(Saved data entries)
=== Section Start ===
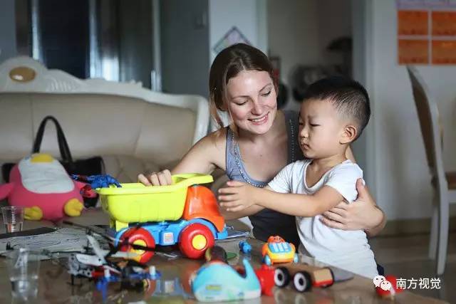 小宝从幼儿园放学回来后,Galina就陪他玩游戏,引导孩子说英文。
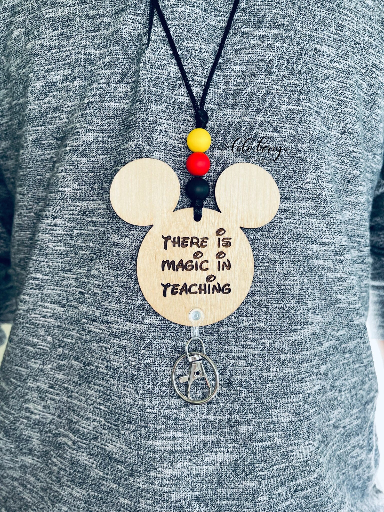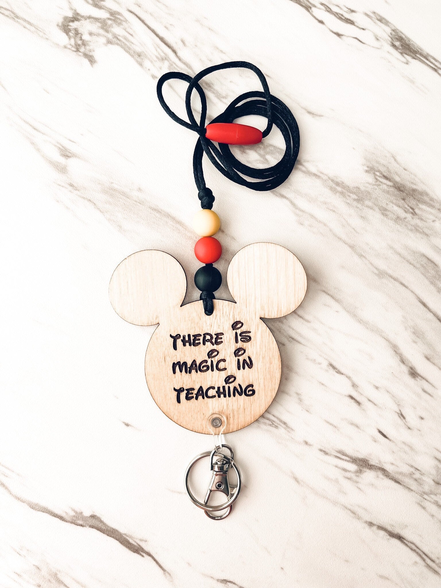 Engraved wooden lanyards with silicone beads and breakaway clasps bring some flair to identification tags anywhere. Perfect for work or school.
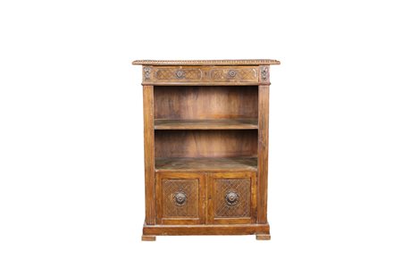 MOBILE STUDIO in legno di noce scolpito con 2 sportelli cartiera centrale e cassetto nella parte superiore di gusto rinascimentale Sicilia XX secolo h cm 103 x 80 x 40
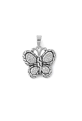 Sterling Silver Butterfly Pendant with Clear Simulated Diamonds
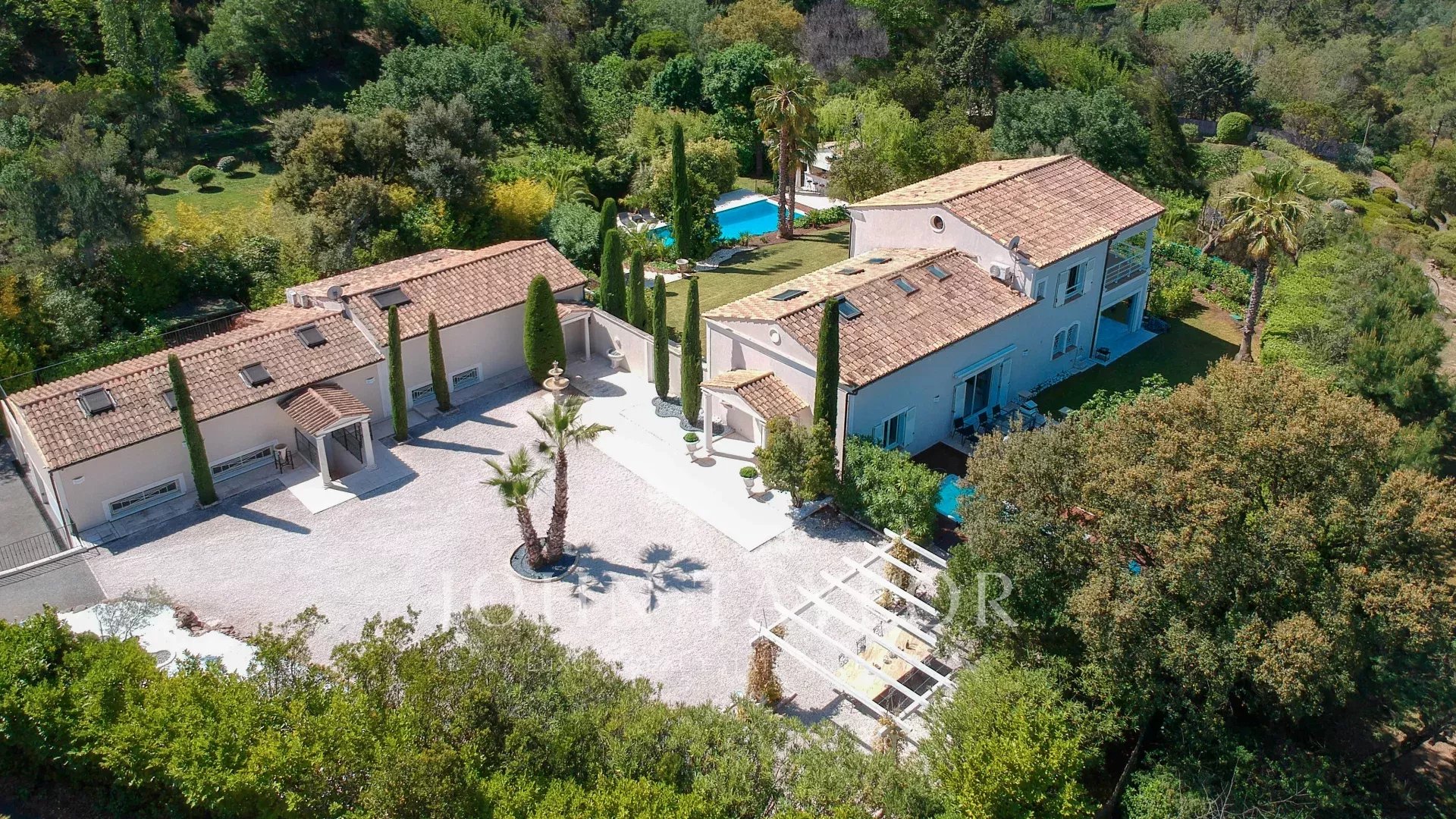 Tato luxusní nemovitost se nachází v srdci masivu Esterel v Saint Jean de Cannes, ve velmi dobře zabezpečeném areálu, a skládá se ze dvou vil, které nabízejí jedinečné životní prostředí.
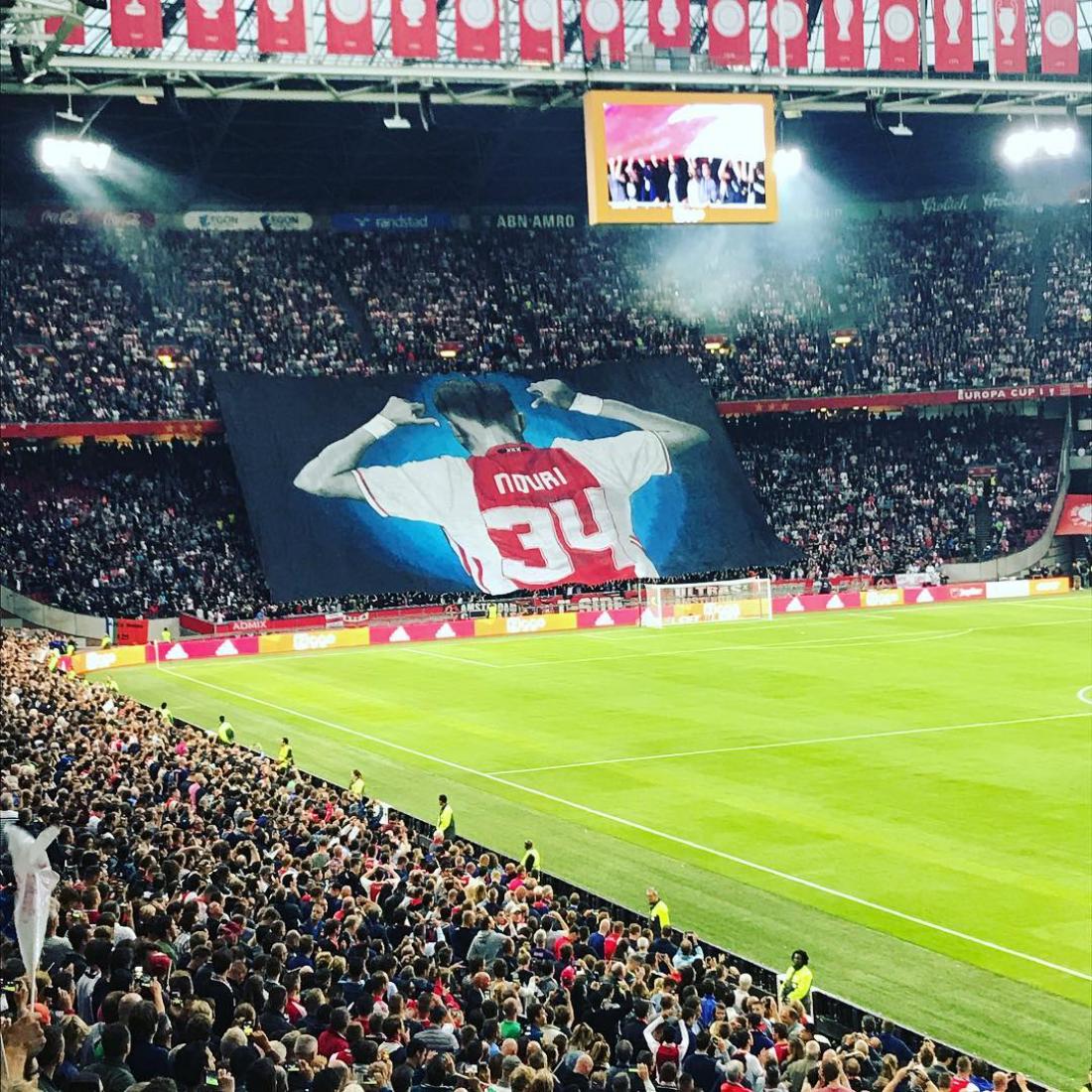 Ajax taraftarlarının Nice maçı öncesinde Abdelhak Nouri için açtığı pankart
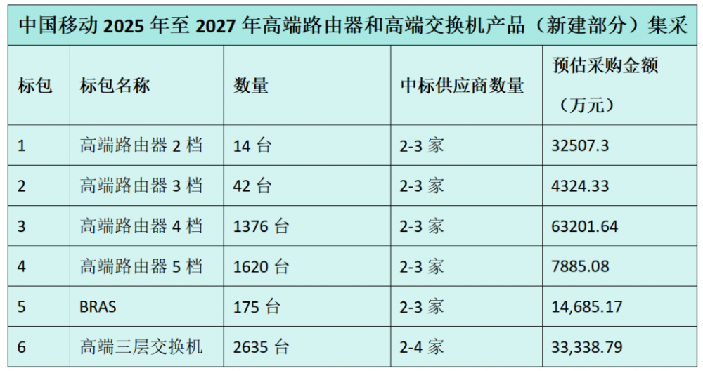 根据此前发布的招标公告,该项目集中采购产品为高端路由器、BRAS、高端三层交换机,预估采购规模高端路由器3052台、BRAS设备175台、高端交换机2635台。预计本次采购需求满足期为两年。
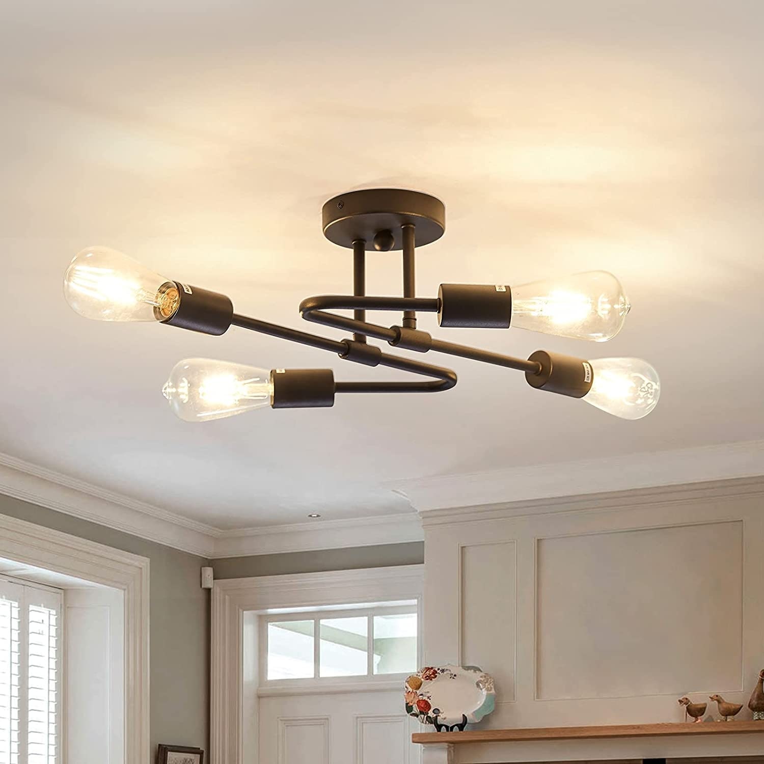 Industrial 4 light semi flush mount ceiling light fixture black ceiling lamp
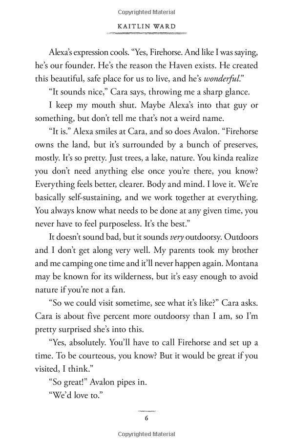 Mailee and Cara take care of each other. Mailee is the star of the high school plays; Cara is the stage manager. Mailee can't keep her life together; Cara has enough organizational skills for the both of them.So when the girls are invited to visit the Haven, a commune in the mountains near their suburban Montana homes, it seems like an adventure. Until Cara starts spending every waking minute and Mailee thinks it's creepy, almost like a cult. When Cara decides she's going to move to the Haven permanently, Mailee knows it's a bad idea. But how far will she go to save her best from herself?
=== Section End ===
## What you need to do
Each entry is to be returned as it stands, and each picture is to be left out.

## Answer space
 小宝从幼儿园放学回来后,Galina就陪他玩游戏,引导孩子说英文。
 Engraved wooden lanyards with silicone beads and breakaway clasps bring some flair to identification tags anywhere. Perfect for work or school.
 MOBILE STUDIO in legno di noce scolpito con 2 sportelli cartiera centrale e cassetto nella parte superiore di gusto rinascimentale Sicilia XX secolo h cm 103 x 80 x 40
 Sterling Silver Butterfly Pendant with Clear Simulated Diamonds
 Tato luxusní nemovitost se nachází v srdci masivu Esterel v Saint Jean de Cannes, ve velmi dobře zabezpečeném areálu, a skládá se ze dvou vil, které nabízejí jedinečné životní prostředí.
 Ajax taraftarlarının Nice maçı öncesinde Abdelhak Nouri için açtığı pankart
 根据此前发布的招标公告,该项目集中采购产品为高端路由器、BRAS、高端三层交换机,预估采购规模高端路由器3052台、BRAS设备175台、高端交换机2635台。预计本次采购需求满足期为两年。
 Industrial 4 light semi flush mount ceiling light fixture black ceiling lamp
 Mailee and Cara take care of each other. Mailee is the star of the high school plays; Cara is the stage manager. Mailee can't keep her life together; Cara has enough organizational skills for the both of them.So when the girls are invited to visit the Haven, a commune in the mountains near their suburban Montana homes, it seems like an adventure. Until Cara starts spending every waking minute and Mailee thinks it's creepy, almost like a cult. When Cara decides she's going to move to the Haven permanently, Mailee knows it's a bad idea. But how far will she go to save her best from herself?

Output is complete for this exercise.